Робин отставил чашку.

— Талли! Матери не убивают своих детей.

— Она не убила Натали.

— Тебе приснилось.

Талли усмехнулась.

— Робин, тебя явно никогда не душили. Такое невозможно вообразить, тем более в двухлетнем возрасте. — Она отвернулась на секунду. — Вот позднее такое вполне может присниться..

Он встал с дивана и зашагал по комнате. Ей стало смешно. И почему все ее мужчины начинают расхаживать по комнате, стоит только завести серьезный разговор?

— Значит, из-за этого ты так плохо спишь?

— Думаю, что да.

— Я думал, это оттого, что…

— Нет, как правило, из-за этого, — резко сказала она. — Я не могу спать, вот и все.

Робин продолжал мерить шагами гостиную.

— Талли, зачем ей было душить тебя?

— Робин, откуда я знаю?

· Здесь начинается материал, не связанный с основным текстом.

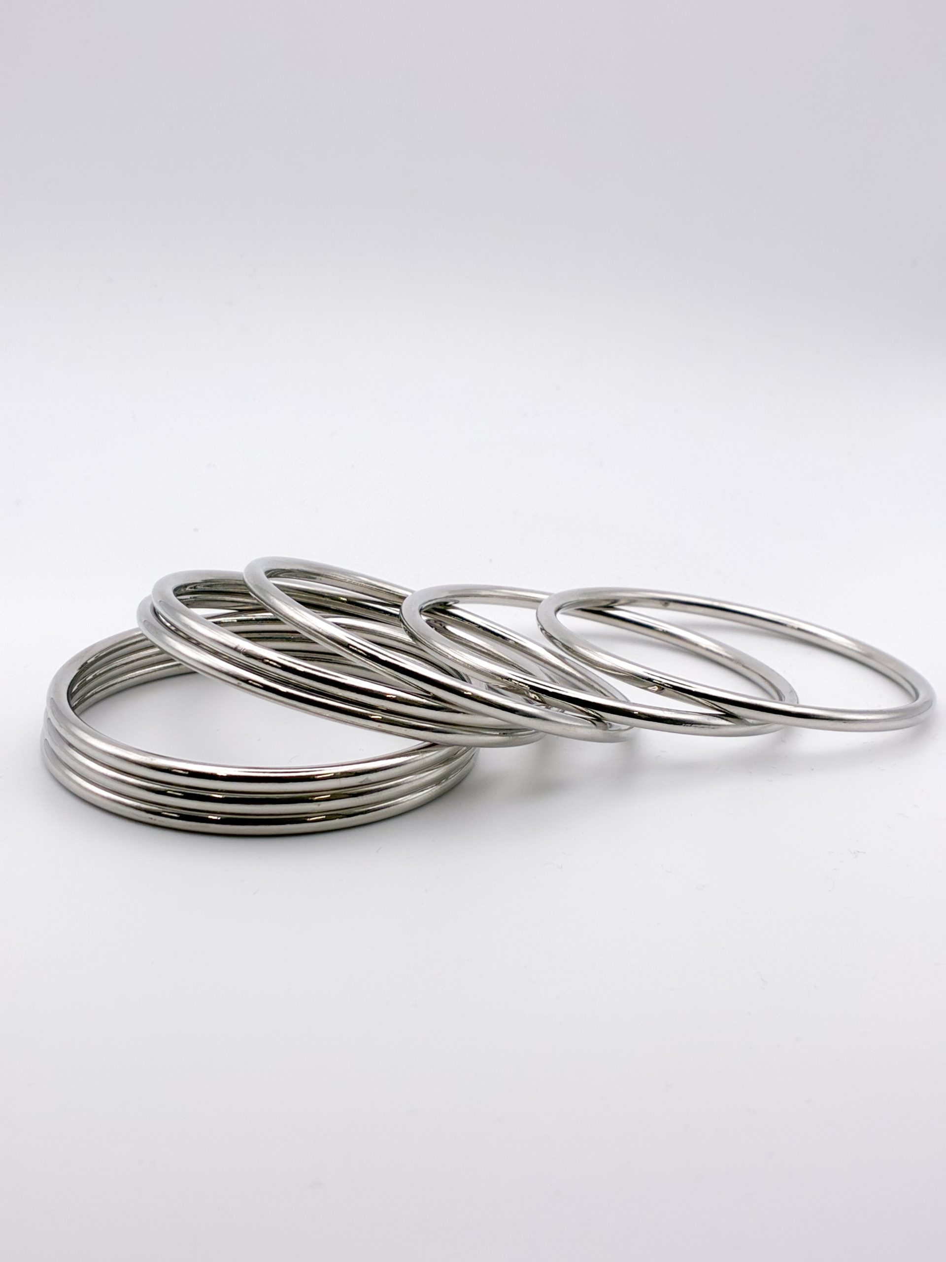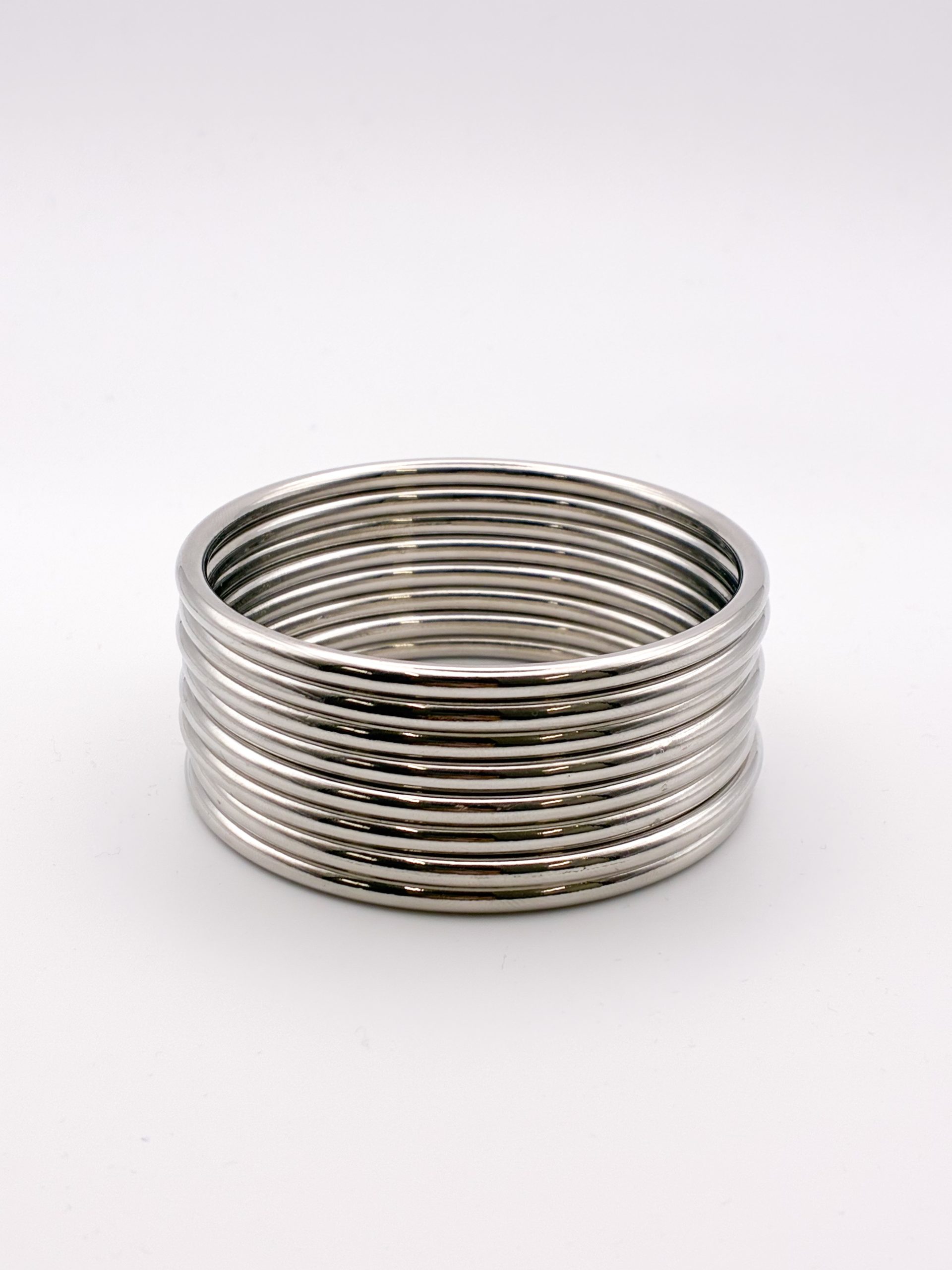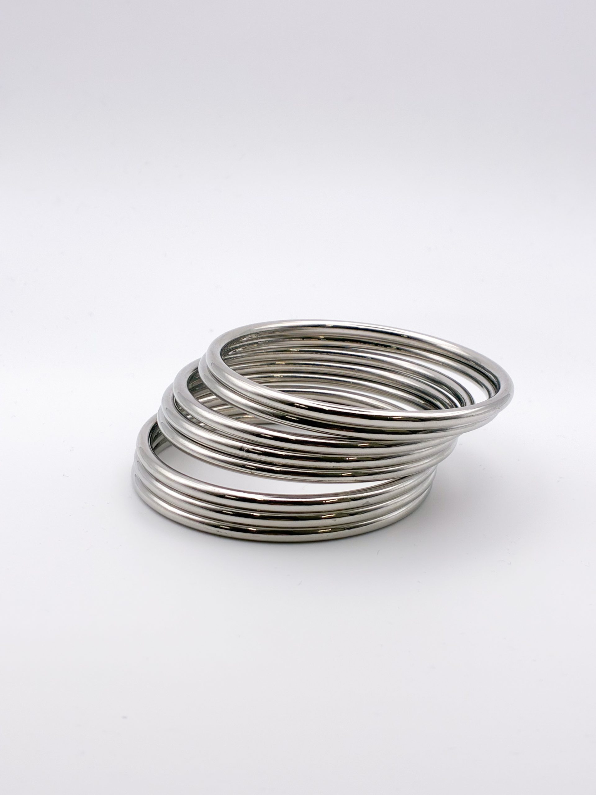 Σετ από πολλαπλά λεπτά ασημένια βραχιόλια με γυαλιστερό φινίρισμα. Η minimal και κομψή σχεδίασή τους προσφέρει διαχρονική φινέτσα και μεγάλη ευελιξία, καθώς μπορούν να φορεθούν τόσο όλα μαζί για πιο statement αποτέλεσμα όσο και μεμονωμένα για μια πιο διακριτική εμφάνιση.
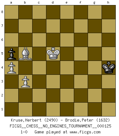 Last move : 1-0 2023 November 7 16:57:17 [Event "FICGS__CHESS__NO_ENGINES_TOURNAMENT__000125"] [Site "FICGS"] [Date "2022.12.31"] [Round "1"] [White "Kruse,Herbert"] [Black "Brodie,Peter"] [Result "1-0"] [WhiteElo "2490"] [BlackElo "1632"] 1.e4 e5 2.Nf3 Nc6 3.Bb5 Nd4 4.Nxd4 exd4 5.O-O c6 6.Bc4 d5 7.exd5 cxd5 8.Bb5+ Bd7 9.Re1+ Be7 10.Qg4 Kf8 11.Qxd7 a6 12.Qxd8+ Rxd8 13.Bf1 g6 14.b3 Kg7 15.Bb2 Bf6 16.d3 Ne7 17.Nd2 Rc8 18.Rac1 Nc6 19.a3 h5 20.g3 Bg5 21.f4 Bf6 22.Bh3 Rce8 23.Bg2 Rd8 24.Re2 h4 25.Rce1 g5 26.fxg5 Bxg5 27.Nf3 Bf6 28.Nxh4 Bxh4 29.gxh4 Rxh4 30.Re3 Kf8 31.Rh3 Rxh3 32.Bxh3 a5 33.Bg2 b5 34.Rf1 Kg7 35.Rf4 f6 36.Bxd4 Rd6 37.Bxf6+ Rxf6 38.Rxf6 Kxf6 39.Bxd5 Nd4 40.c4 Ke5 41.Bf7 bxc4 42.Bxc4 Nc2 43.a4 Nd4 44.Kf2 Kf4 45.h3 Nc6 46.Ke2 Kg3 47.Ke3 Kxh3 48.d4 Kg4 49.Ke4 Nb4 50.d5 Kg5 51.Ke5 Kh4 52.Bb5 Nxd5 53.Kxd5 1-0 Follow this game move after move (download)I had a toothache during the first game. In the second game I had a headache. In the third game it was an attack of rheumatism. In the fourth game, I wasn't feeling well. And in the fifth game? Well, must one have to win every game ? (Siegbert Tarrasch) Du weisst es gibt ein Problem mit Computern und Fernschach, wenn jeder eine Rating von 2450 hat. (John Christen Knudsen) Bobby solo arroja las piezas y solas caen en las casillas correctas. (Miguel Najdorf ) Il n'y a plus de joueurs du niveau de Jacob Murray dont la seule quête est le beau jeu, le plaisir de voir les pièces construire quelque chose. Sur 10 idées à la minute, 9 seront sans intérêt, la dernière s'avèrera géniale. (Christian Bauer) Luck is the residue of design. (John Milton)

Да какая, черт возьми, разница? Потому что ее саму бросила мать, потому что ее не любил отец, потому что она боялась, что наш отец любит нас слишком сильно. Какое мне дело, почему?

— Мне есть дело, — сказал Робин.

— С чего бы?

Он не ответил, и Талли сказала:

— Ты думаешь, если бы ты знал причину, то смог бы это понять?

— Во всяком случае, в этом был бы какой-то смысл.

— Смысл в том, что мать пыталась придушить своего маленького ребеночка? — Она засмеялась. — Замечательно!

Робин молчал.

— Ты сказала «нас».

— Нас?

— Да. Ты сказала она боялась, что отец любит нас слишком сильно. Кого вас? Тебя и твоего брата? Ты говорила, что тебе было пять, когда он родился.

Талли стала тихой-тихой-тихой. Было слышно, как гудит холодильник на кухне и шуршат шины проезжающих по улице машин.

— У меня был еще один брат, — наконец сказала она. — Он умер совсем маленьким.

Отчего он умер? — мягко спросил Робин.

Талли подняла на него глаза.

— Внезапная смерть в грудном возрасте, — ответила она.

Когда они уже лежали в постели, Робин притянул ее к себе и сказал в ее волосы:

— Талли, это ужасная история, ужасная. Ты не представляешь себе, как мне трудно верить тебе.

Талли погладила его руки.

— Представляю, — сказала она. Не думай об этом.

— Бедная ты моя. Ты видишь все это во сне и тогда вскакиваешь среди ночи?

— И не только это, — сказала Талли, вспоминая сон про голову.


Через неделю после своего дня рождения Талли стиснула зубы и рассказала ту же самую историю Джереми.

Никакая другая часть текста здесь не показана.